So, the Human Fertilisation and Embryology Authority (HFEA) will review the list of approved inherited conditions for which preimplantation genetic diagnosis (PGD) is currently licensed.
As related by Professor Alan Handyside and colleagues at The Bridge Centre in an earlier BioNews, seven disorders, of which Marfan syndrome is one, have been selected for review.
The logic runs that as treatment and quality of life improve for people with these conditions, so afflicted families should have less entitlement to publicly funded PGD, which aims to prevent affected children being born.
I do not write to query that logic. I write to say that the HFEA must maintain its support for PGD in the case of Marfan syndrome.
Marfan syndrome is not curable. It begins at conception and by the time the infant is born there are already severe manifestations which will last a lifetime. These will not only affect the lifespan, but the quality of life.
Yes, lifespan is slowly improving due to improved medication (beta-blockers in particular) and surgery. However, my first contact with many of the families I see will be subsequent to a sudden unexpected death. There is insufficient awareness of Marfan syndrome so not all - or even the majority - of cases are diagnosed or treated.
Marfan syndrome has been calculated to affect one in 3,330 in Europe. By this estimate there should be 18,000 known Marfan syndrome cases in the UK. At a stretch, we know of approximately 9,000. Where are the rest? These are the ones who go undiagnosed and die suddenly.
These people may have also had families by the time they die suddenly so that the genetic defect is perpetuated in the gene pool. Moreover, 25 percent of cases are the result of de novo mutations - in other words the mutation occurs spontaneously at conception with no family history of the disease. These are usually more severe than the familial cases. Such people now benefit from more effective therapy, including surgery, and are therefore more likely to live into fertility. Their children have a 50 percent likelihood of inheriting this most severe form of the disease.
These patients should be allowed to start families free of the disease by using PGD. Without access to PGD, many will choose to remain childless.
Quality of life remains severely affected by the multi-system nature of Marfan syndrome. Patients do not just have dislocated lenses and aortic aneurysms to contend with. Their eyes may be affected by severe short-sightedness, by retinal detachment, and glaucoma.
The skeleton suffers from patients' excessive height for which we have no effective therapy. There are chest bone abnormalities, loose painful joints, scoliosis (often requiring surgery) and early, and very painful, osteoarthritis so that old age really starts around age 50.
With regard to the heart, as well as running the risk of fatal aortic dissection, patients suffer from prolapse of the heart valves, left ventricular failure, and endocarditis. Forty percent of patients have arrhythmias. So as well as dying at an early age, patients have very difficult lives. I hardly need mention the burden on the NHS.

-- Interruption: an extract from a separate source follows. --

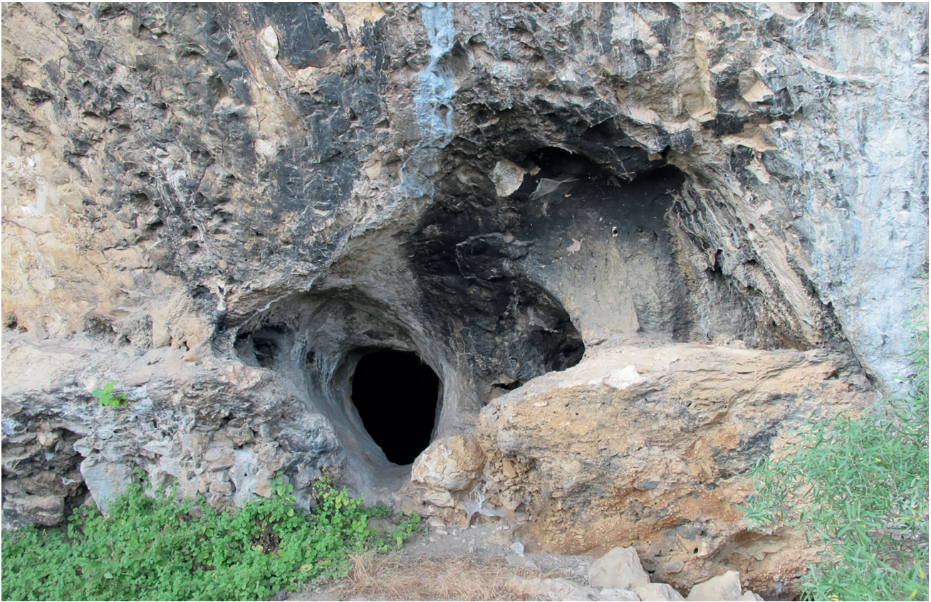
Res. 3. Tavabaşı Aşağı Mağara girişi / Entry of Lower Cave at Tavabaşı.

Aşağı Mağara ise Yukarı Mağara'ya göre kayalık yüzeyin bir alt kodunda yer almaktadır (Res. 3). Yukarı Mağara'ya göre daha küçük ve 9 metre uzunluğunda ve 6 metre genişliğinde tek bir odadan oluşan Aşağı Mağara'ya 1,2 x 0,6 m ölçülerinde küçük bir açıklıktan girilmektedir. Mağaranın zemininde kaçak kazıcıların açtığı çukurda yapılan tespit ve belgeleme çalışmaları esnasında farklı yerleşim katmanlarına ulaşılmıştır (Res. 4). Yüzeyden yaklaşık olarak 1,5 m derinlikte ana kayaya ulaşan açmanın kaya üzerindeki 0,6 m kalınlığında kültür tabakasında yoğun miktarda Orta Kalkolitik döneme ait buluntular ortaya çıkarılmıştır. Söz konusu yerleşim tabakası alt ve üstten genellikle karbon birikimi ile diğerlerinden ayrılmıştır. Söz konusu Orta Kalkolitik dönem tabakasından alınan iki örneğin radyokarbon tarihlemesi sonucu bu tabakanın MÖ 4838 ve 4459 arası yaklaşık

Our research has also uncovered irritable bowel syndrome in 20 percent of cases, dental problems such as impacted teeth, and psychological problems such as depression, isolation and poor self-image.
Researchers and clinicians are working as quickly as we can (one major trial will publish its results in 2018) to find improved therapies in the form of losartan or irbesartan. There are 10 trials running internationally. Patients are enthusiastic about joining in, because they know how awful this condition is.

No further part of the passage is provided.